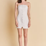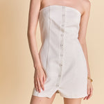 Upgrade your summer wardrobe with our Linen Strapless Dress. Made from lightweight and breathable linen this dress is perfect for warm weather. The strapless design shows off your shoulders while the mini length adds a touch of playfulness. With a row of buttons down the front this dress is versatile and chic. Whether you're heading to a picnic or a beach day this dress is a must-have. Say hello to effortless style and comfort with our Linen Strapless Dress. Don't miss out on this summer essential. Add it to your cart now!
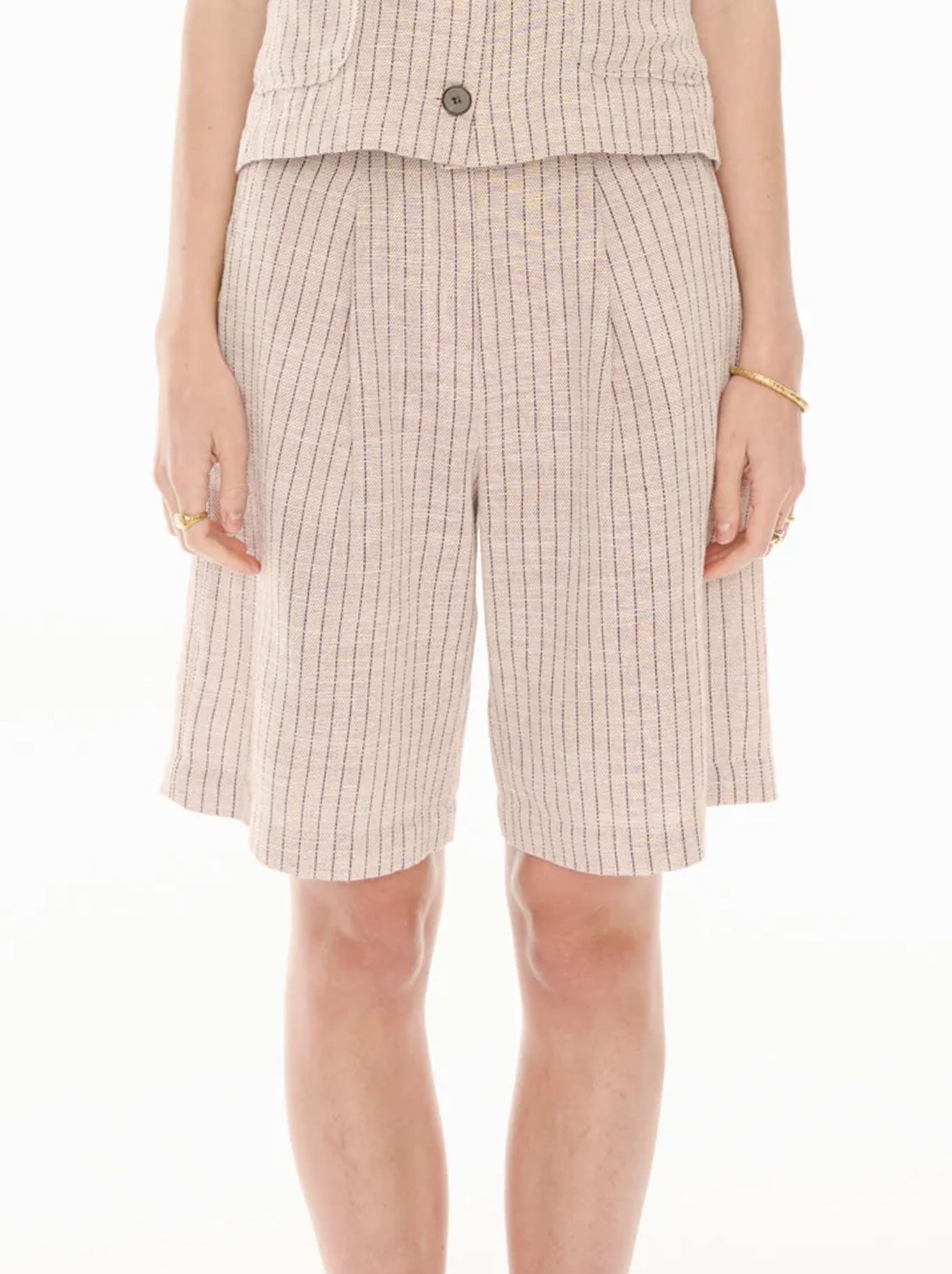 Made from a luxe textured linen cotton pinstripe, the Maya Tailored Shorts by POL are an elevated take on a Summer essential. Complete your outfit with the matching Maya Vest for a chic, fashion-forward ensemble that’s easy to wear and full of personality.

---

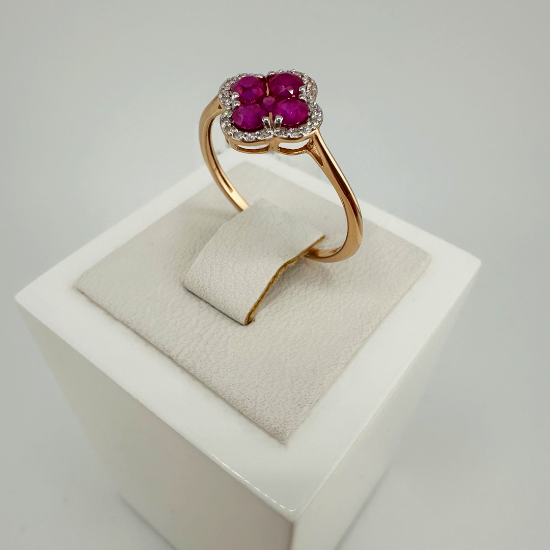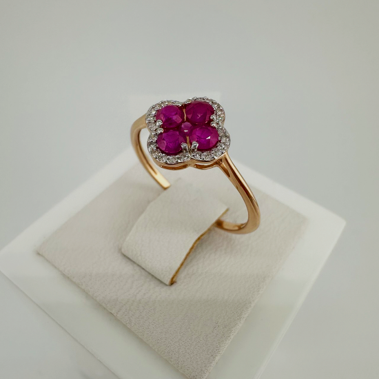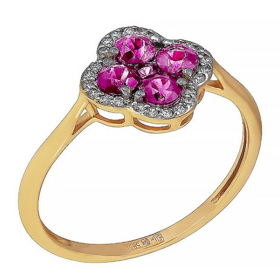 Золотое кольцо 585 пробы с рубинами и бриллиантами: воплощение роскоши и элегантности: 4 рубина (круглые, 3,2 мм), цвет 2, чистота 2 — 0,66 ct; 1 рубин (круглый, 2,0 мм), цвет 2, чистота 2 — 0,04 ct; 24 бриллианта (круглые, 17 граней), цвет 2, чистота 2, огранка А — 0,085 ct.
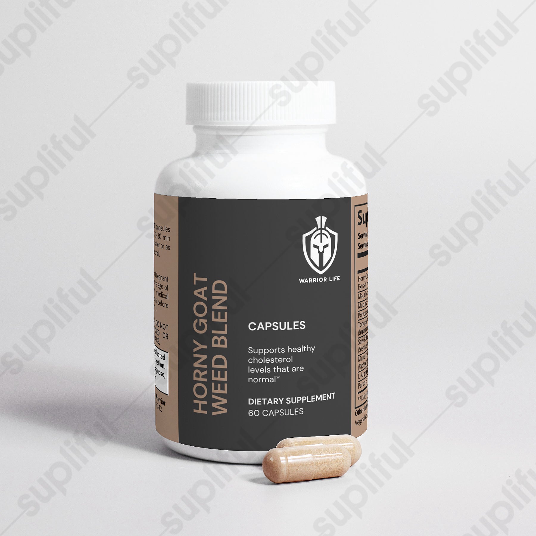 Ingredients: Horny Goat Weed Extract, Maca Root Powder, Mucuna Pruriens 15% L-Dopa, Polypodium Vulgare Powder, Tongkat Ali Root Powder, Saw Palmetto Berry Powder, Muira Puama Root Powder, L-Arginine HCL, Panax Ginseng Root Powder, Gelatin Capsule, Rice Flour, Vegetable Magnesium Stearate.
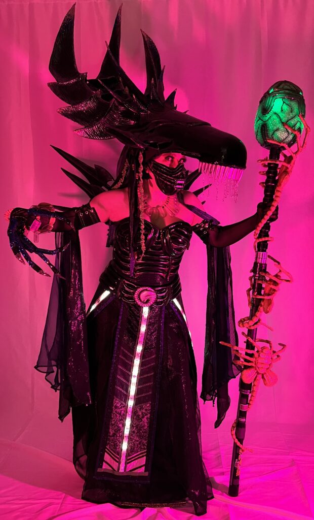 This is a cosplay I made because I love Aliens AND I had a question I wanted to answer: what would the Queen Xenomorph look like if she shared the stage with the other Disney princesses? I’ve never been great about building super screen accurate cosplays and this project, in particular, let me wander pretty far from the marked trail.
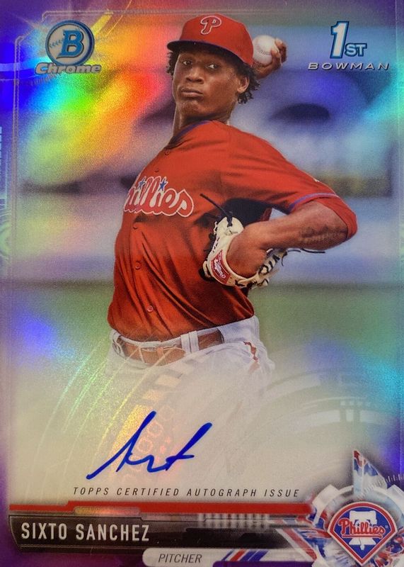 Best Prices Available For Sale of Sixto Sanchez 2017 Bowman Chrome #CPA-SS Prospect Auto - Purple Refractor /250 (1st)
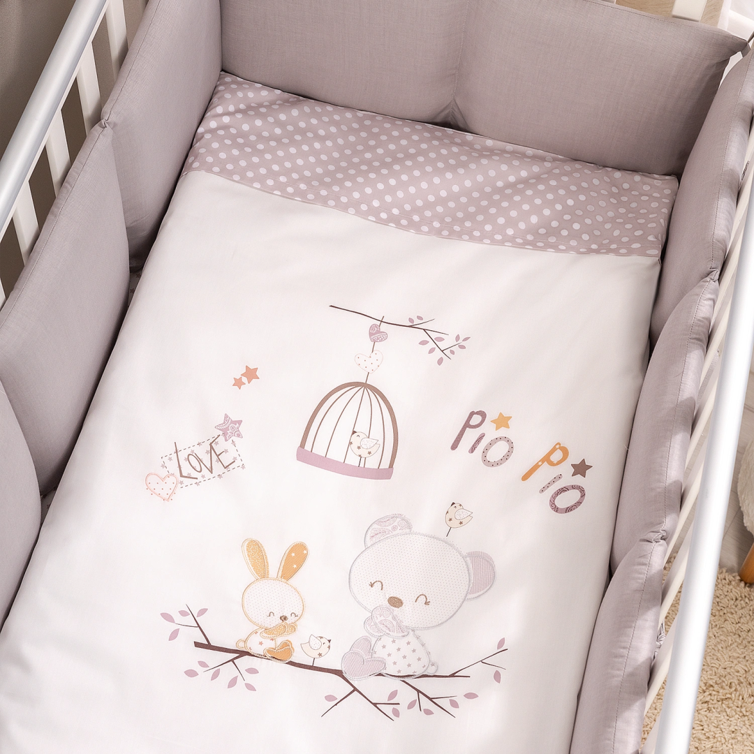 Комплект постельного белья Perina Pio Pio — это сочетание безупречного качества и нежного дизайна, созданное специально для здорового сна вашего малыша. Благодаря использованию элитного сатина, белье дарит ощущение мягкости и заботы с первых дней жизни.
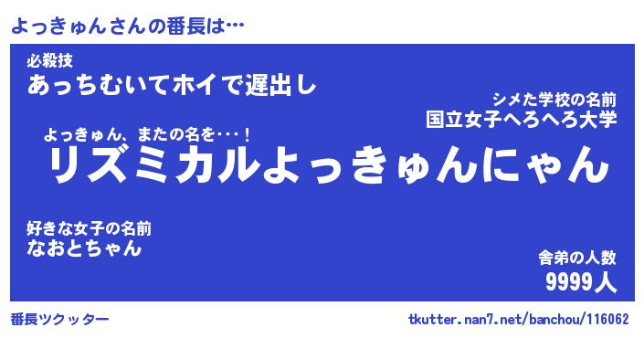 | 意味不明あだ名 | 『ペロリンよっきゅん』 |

...

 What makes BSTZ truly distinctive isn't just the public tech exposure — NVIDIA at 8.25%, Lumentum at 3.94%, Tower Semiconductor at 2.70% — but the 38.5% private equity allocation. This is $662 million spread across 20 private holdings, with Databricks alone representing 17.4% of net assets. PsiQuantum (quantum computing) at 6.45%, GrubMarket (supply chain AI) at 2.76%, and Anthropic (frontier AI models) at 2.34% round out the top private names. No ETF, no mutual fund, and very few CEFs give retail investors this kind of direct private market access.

WORK TO BE COMPLETED: Taking the material above, give again exactly the lines from the one holding "Upgrade your summer" through the one holding "Made from a", with both ends and without pictures.

RESULT:
 Upgrade your summer wardrobe with our Linen Strapless Dress. Made from lightweight and breathable linen this dress is perfect for warm weather. The strapless design shows off your shoulders while the mini length adds a touch of playfulness. With a row of buttons down the front this dress is versatile and chic. Whether you're heading to a picnic or a beach day this dress is a must-have. Say hello to effortless style and comfort with our Linen Strapless Dress. Don't miss out on this summer essential. Add it to your cart now!
 Made from a luxe textured linen cotton pinstripe, the Maya Tailored Shorts by POL are an elevated take on a Summer essential. Complete your outfit with the matching Maya Vest for a chic, fashion-forward ensemble that’s easy to wear and full of personality.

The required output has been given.